Improving HRQoL is a priority goal in supporting people with lung cancer [49]. All studies that assessed the impact of HRQoL reported a positive impact. The direction of the association between HRQoL and improved physical functioning was consistent across most of the studies (n=5, 71%) that reported on both outcomes [31,32,40-42]. Improvements were primarily noted in the global health score as well as the symptom and functional scales, but it is unclear whether these improvements are a direct result of the exercise intervention or improved disease management and control.

This review highlighted the high levels of acceptability and participant satisfaction with the digital intervention. Having a home-based exercise intervention or web-based intervention, such as the technologies highlighted in this review, is advantageous because participants can continue to exercise during chemotherapy treatment when they are usually advised to limit their contact with other people to reduce the risk of infection. Furthermore, the studies that used a game console as part of their exercise program incentivized their participants to use the technology, work out more often, and increase the intensity of the exercise [30,38,42]. Other useful features of the technologies that have been highlighted include the use of a virtual environment for exercising [30,38], dance-based workouts [42], dietary advice [32], and the value of incentivizing participants [30,38,42]. Hence, it is important for future app developers to consider what incentives can be built into the intervention to improve adherence, reduce clinician workload, and empower patients to be more independent regarding their disease management.

It is anticipated that health technologies, such as the ones identified in this review, will enable improved disease management, reduce hospital admissions, and save the UK National Health Service money [31]. However, limited cost analyses have been conducted to date to demonstrate the cost impact on health care services, the health care workforce, and people living with lung cancer. Our review identified only 1 cohort study [31] undertaken at a single research center that reported the cost of the intervention to the health care provider and the estimated time impact on health care professionals.

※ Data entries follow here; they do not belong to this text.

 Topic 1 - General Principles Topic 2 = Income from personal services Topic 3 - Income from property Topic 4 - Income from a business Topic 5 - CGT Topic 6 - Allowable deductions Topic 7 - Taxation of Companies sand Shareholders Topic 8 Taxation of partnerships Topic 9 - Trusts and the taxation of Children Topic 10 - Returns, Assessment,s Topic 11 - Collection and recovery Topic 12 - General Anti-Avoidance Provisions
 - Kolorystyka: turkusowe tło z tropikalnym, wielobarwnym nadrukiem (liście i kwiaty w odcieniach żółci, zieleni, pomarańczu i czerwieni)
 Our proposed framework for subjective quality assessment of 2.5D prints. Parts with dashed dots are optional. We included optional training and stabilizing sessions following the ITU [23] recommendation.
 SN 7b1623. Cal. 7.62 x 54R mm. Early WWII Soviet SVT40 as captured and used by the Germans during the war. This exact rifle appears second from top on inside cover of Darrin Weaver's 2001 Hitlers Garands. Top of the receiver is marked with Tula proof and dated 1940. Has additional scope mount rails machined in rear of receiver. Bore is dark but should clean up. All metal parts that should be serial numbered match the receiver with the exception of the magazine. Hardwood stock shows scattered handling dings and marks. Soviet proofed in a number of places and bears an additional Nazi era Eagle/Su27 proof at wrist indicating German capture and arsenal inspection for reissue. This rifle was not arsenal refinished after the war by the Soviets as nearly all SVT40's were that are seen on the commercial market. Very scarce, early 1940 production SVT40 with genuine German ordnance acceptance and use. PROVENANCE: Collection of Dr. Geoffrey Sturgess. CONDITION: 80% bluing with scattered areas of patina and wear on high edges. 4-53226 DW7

We reported on evidence available within the published papers. We faced challenges in gathering details regarding missing study data. We made attempts to reach out to the corresponding authors to obtain the necessary information, but we did not receive any response. Furthermore, it is unclear whether any development information not included in the reports of the studies was excluded [30-32]; in other words, important details could have been left out of the study reports, and the reasons for their possible omission are not known.

The studies included in our review were primarily quasi-experimental and nonrandomized studies [30,32,39,41,42]. Only 1 randomized controlled trial [40] and 1 cohort study [31] were included. The studies focused on technology development and feasibility assessment, most frequently for patients undergoing surgery [30-32,39,40]. In addition, the small cell subtype of lung cancer has poorer outcomes than non–small cell subtypes, with a primary treatment focus being to improve HRQoL; this population was not well represented in the included studies. Furthermore, various tools were used to assess physical functioning and HRQoL, making it difficult to draw comparisons across the studies due to their heterogeneity.

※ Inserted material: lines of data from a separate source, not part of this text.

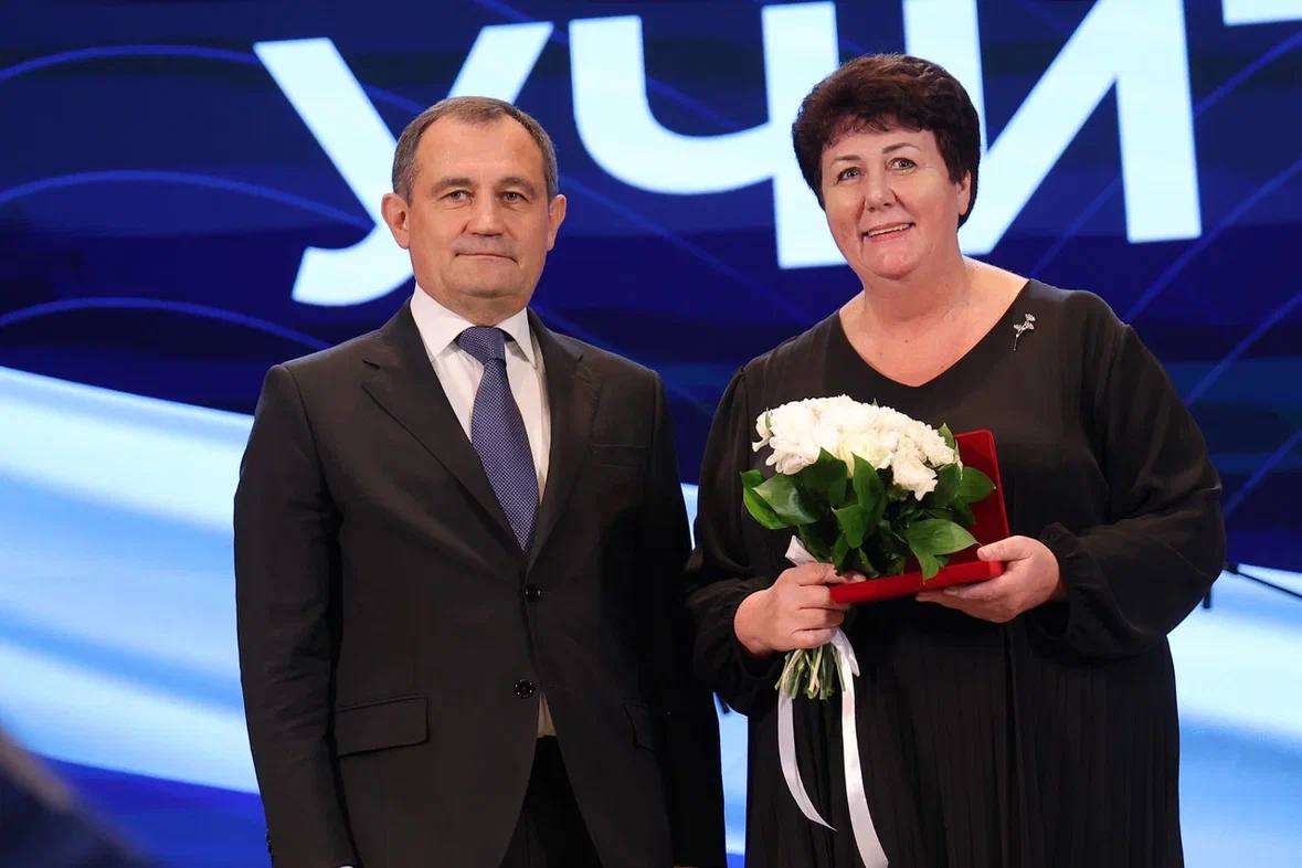 Лучшим учителям и воспитателям также вручили почётные грамоты Министерства просвещения РФ, 13 из них были удостоены звания «Почётный работник сферы образования Российской Федерации». Председатель Совета депутатов Балашихи, руководитель фракции «Единой России» Геннадий Попов вручил благодарственные письма и почётные грамоты 12 педагогам.
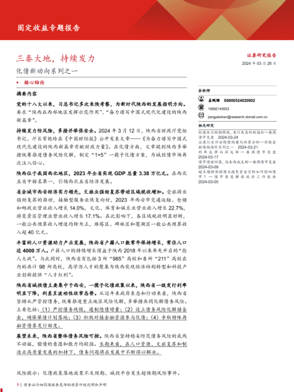 【西部证券】【20240326】化债新动向系列之一:三秦大地,持续发力-10页
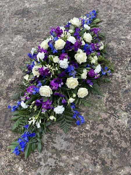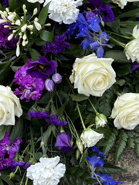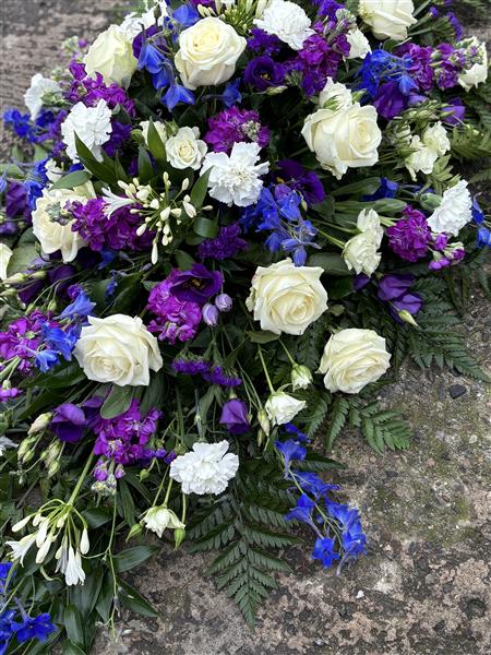 A minimal casket spray featuring deep blue Delphinium, Agapanthas, Whote roses & Phlox accompanied with seasonal greenry.
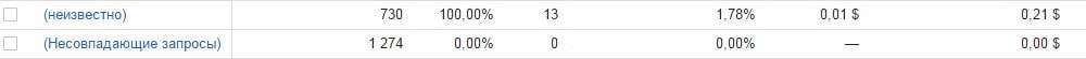 Вот как раз в этом моя проблема. Допустим, несовпадающие запросы это когда гугл не смог подобрать объявления. Тогда что такое "неизвестно"?

There seems to be a consistent relationship between the use of digital technologies by people with lung cancer and a positive impact on physical functioning and HRQoL. The technologies reported in this review demonstrated high levels of acceptability or user satisfaction and have the potential to support people with lung cancer to manage their health more independently. However, most of the studies (n=5,71%) identified here report on the development and feasibility of the technology. Further multicenter, large-scale research studies using a randomized controlled trial design over an extended period and including a cost-effectiveness outcome measure are required to fully assess the true benefit of adopting eHealth technologies in standard care services for health care providers and people with lung cancer.